Sunday, January 30, 2022

Only One Semester To Go!

There was a summer residency, my third semester, and a winter residency. Now I have one semester to go and a final residency in June/July when I will graduate! Where did the time go???

Grad school books. I've read about 90% of them. Guest artist works,
faculty works, anthologies, fiction, lyrical nonfiction, poetry, and critical studies.

Residency memories:

Winter 2022 those of us who were in person at the school 
were able to participate in art workshops!

Where it all happens in Portland - Pacific Northwest College of Art (@ Willamette University)

Winter 2021 on Zoom

2021 Graduate, my friend Janna                                My buddy Russell

2021 Summer post-graduation karaoke


One of many dinners at cool Portland restaurants

Molly, bonafide best roomie ever

My thesis, "Blankets"


B L A N K E T : noun : a large piece of woolen or similar material used as a bed covering or other covering for warmth. Etymology : Middle English (denoting undyed woolen cloth): via Old Northern French from Old French blanc ‘white’, ultimately of Germanic origin. A blanket can be made of woven acrylic, knitted polyester, mink, cotton, fleece, silk, and wool. Synonyms : cloak, cover, cover-up, covering, curtain, hood, mantle, mask, pall, penumbra, robe, shroud, veil, wrap.

White covering 

for warmth.



The earliest memory I have of death isn’t a memory. It’s a fluid thought-image of white walls and curtains, a sterile hospital bed with white blankets, my Grandma Ethel, my mother’s mother, and a specific moment that I was given to say goodbye. Is it real? I’ve shaded it out and erased it so many times. I wish I had a better sense of it because I was almost ten years old. I know for sure that when I saw her body later in a casket, despite her familiar white wig and silky turquoise blouse,  I couldn’t understand why her lips were formed into such a thick, tight pucker. 

I also think I have an older thought of her husband, Homer, lying in a bed of pale, thin white sheets in his home. I felt special because I was tall enough as a toddler to help him move his limbs to keep his muscles from atrophy. Easily the bones moved, the muscles hung heavy.


When I fell in love with my husband, Dan, I visited him in Chicago and stayed at his apartment, in his room with a small window next to the bed where he hung blue Christmas lights and ran a fan. I loved lying in his bed of soft, worn-in blue sheets. Later, I confused my memories and began to believe that my grandfather actually had been cocooned by blue sheets.

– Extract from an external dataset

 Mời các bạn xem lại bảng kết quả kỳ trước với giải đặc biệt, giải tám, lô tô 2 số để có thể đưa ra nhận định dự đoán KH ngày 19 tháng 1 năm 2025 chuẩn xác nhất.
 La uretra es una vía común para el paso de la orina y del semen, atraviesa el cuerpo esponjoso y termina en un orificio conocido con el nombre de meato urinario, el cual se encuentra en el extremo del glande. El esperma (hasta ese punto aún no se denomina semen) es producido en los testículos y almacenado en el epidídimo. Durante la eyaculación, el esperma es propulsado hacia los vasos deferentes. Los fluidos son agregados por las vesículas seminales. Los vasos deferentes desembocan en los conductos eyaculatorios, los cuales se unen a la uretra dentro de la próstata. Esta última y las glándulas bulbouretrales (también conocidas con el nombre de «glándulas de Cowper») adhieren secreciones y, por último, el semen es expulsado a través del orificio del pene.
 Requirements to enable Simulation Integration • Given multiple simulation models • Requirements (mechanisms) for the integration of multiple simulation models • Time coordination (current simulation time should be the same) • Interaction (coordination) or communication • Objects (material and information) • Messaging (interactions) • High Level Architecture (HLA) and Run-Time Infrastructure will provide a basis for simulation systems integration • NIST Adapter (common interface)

In college, I created a sculpture to represent these confused memories; a shelf covered in those blue sheets and white polymer clay bones. The fabric hung from the shelf, even, with some of the bones cradled in the draped folds.


Mary Martha (Hendricks) Hodel || Circa 1965, 1980



As a child in church one evening, the pastor dropped the lights and showed a film on a projector screen. There was a cemetery and a person raised from a grave; shot up quickly to the sky, bound for heaven. It was sending a soul to heaven to await the resurrection. That body speeding, upward hurtling through the air terrified me.

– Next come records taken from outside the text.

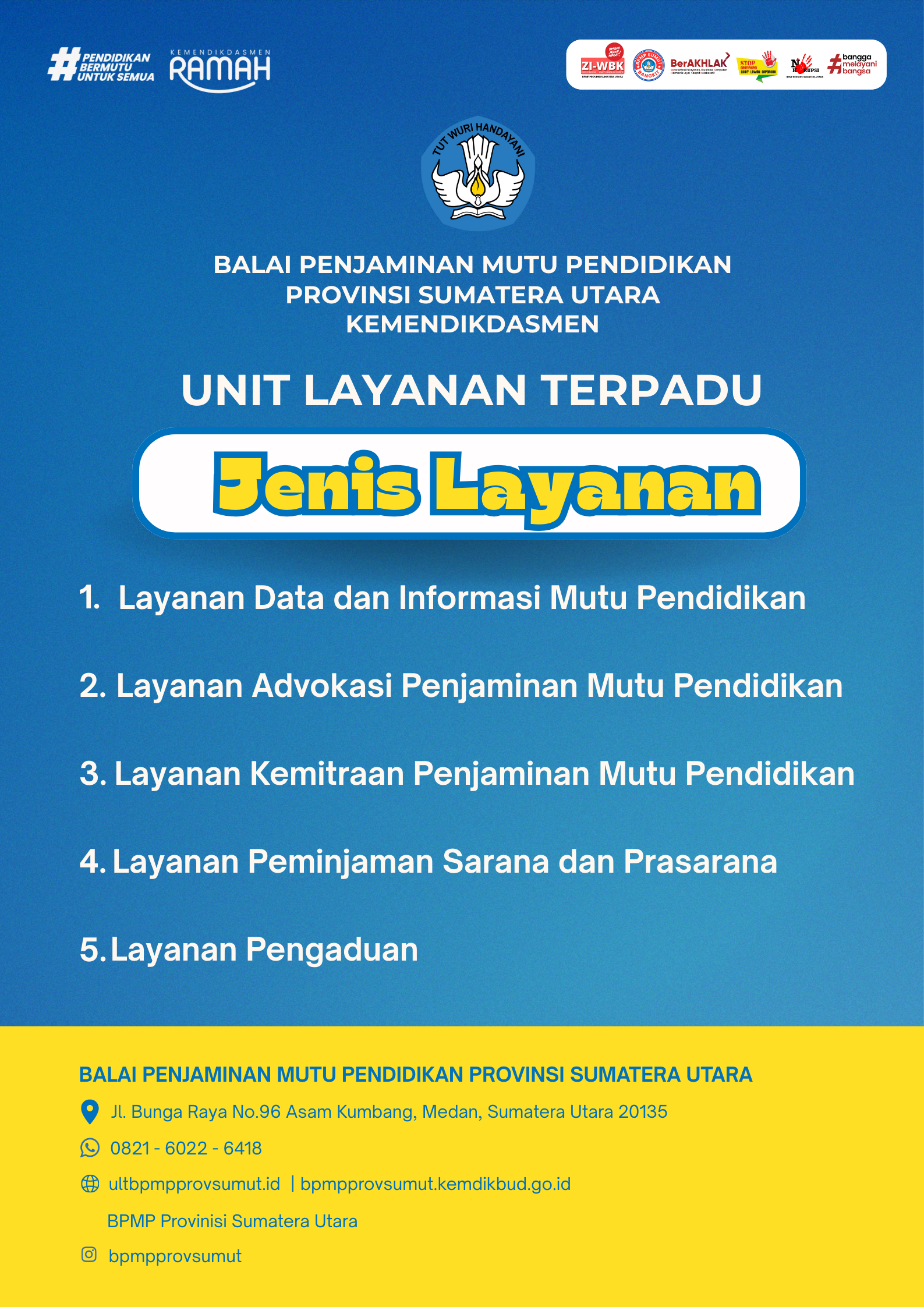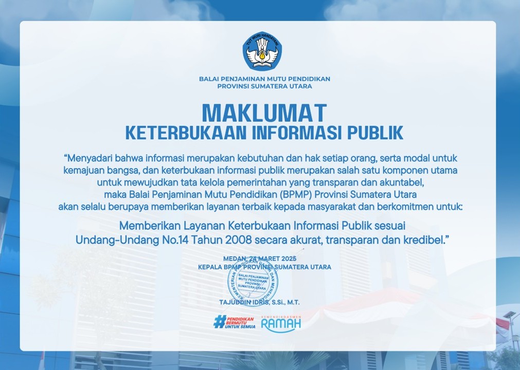 - Jenis Standar Pelayanan: Data dan Informasi Mutu Pendidikan
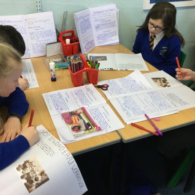 We enjoyed a trip to the Beacon and records office to discover more about world war 1. We used a variety of historical sources like a census, baptism record (which had a mistake) and newspapers to find out about local war hero Abraham Acton who was awarded the Victoria Cross for his bravery. Children were also encouraged to do their bit for their country by sending eggs to wounded soldiers, collecting moss, wool and conkers. We ended the day by making some poppies which will be included in the Beacons war memorial art installation.
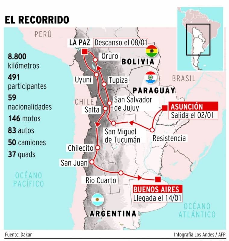 Se recomienda a los pilotos resistencia extrema. El Rally Dakar, que atravesará tres países sudamericanos, pasará seis días a más de 3.000 metros de altura además de rozar Uyuni, en Bolivia, el mayor desierto de sal del planeta.
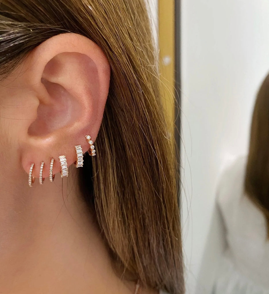 Three rows of sparkling diamonds create a glimmering illusion. One of the rows of this huggie earring features a post back, while two are backless. It features 0.15 carats of diamond set in your choice of gleaming 14k yellow, rose, or white gold. Designed to be specific to each lobe and sold individually.
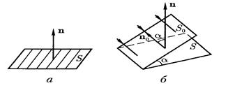 Рис. 2 Предположим, что поверхность S произвольным образом ориентирована в пространстве. Пусть вектор нормали к ней n и падающие световые лучи образуют угол α (рис.2 б). Рассмотрим проекцию площадки площадью S на плоскость, перпендикулярную направлению распространения световых лучей. Площадь этой проекции определится по формуле S0 = S cosα, где α угол между n и n0; n0 - вектор нормали к S0. Как следует из рис. 2 б, угол между нормалями к плоскостям равен углу между плоскостями (углы со взаимно перпендикулярными сторонами). На площадку S падает световой поток Ф= SЕ, где Е -освещенность площадки S, а на площадку S0 –световой поток Ф=Е0S0 или Ф=Е0Scosα где Е0 – освещенность площадки S0. Поскольку на площадку S и на ее проекцию S0 падает один и тот же световое поток Ф, имеем ЕS=Е0S0 cosα. Отсюда следует, что Е = E0 cosα. (8). Формула (8) выражает второй закон освещенности: освещенность поверхности, создаваемая параллельными лучами, пропорциональна косинусу угла падения лучей. Значение Е0 можно определить по формуле (7), так как площадка S0 расположена перпендикулярно падающим световым лучам. Подставив (7) в (8), получим формулу, объединяющую первый и второй законы освещенности:

After her death but before the doctor placed a sheet over my mother’s body, I held her hand–the hand I had known all my life; admiring how it felt and how it had held my hand, the nesting and the pressing of the soft pads together. I tried to comfort my mother, kissing her cheek and caressing her forehead. I was 36 and she was 69 but I had become her mother by helping my sister with caregiving. I touched her body, a body no longer having warm blood or breath. Her skin was cold and purple but I kept telling her in my mind that she was beautiful. If I thought/said it to her enough times, didn’t it make me a better daughter than I felt I had been? The truth was her eyes were paused in a yellow pale gloss, her scalp exposed without her wig-only partially covered with feathery patches of short, white hair, and her mouth slacked, revealing an absence of teeth, only gray gums.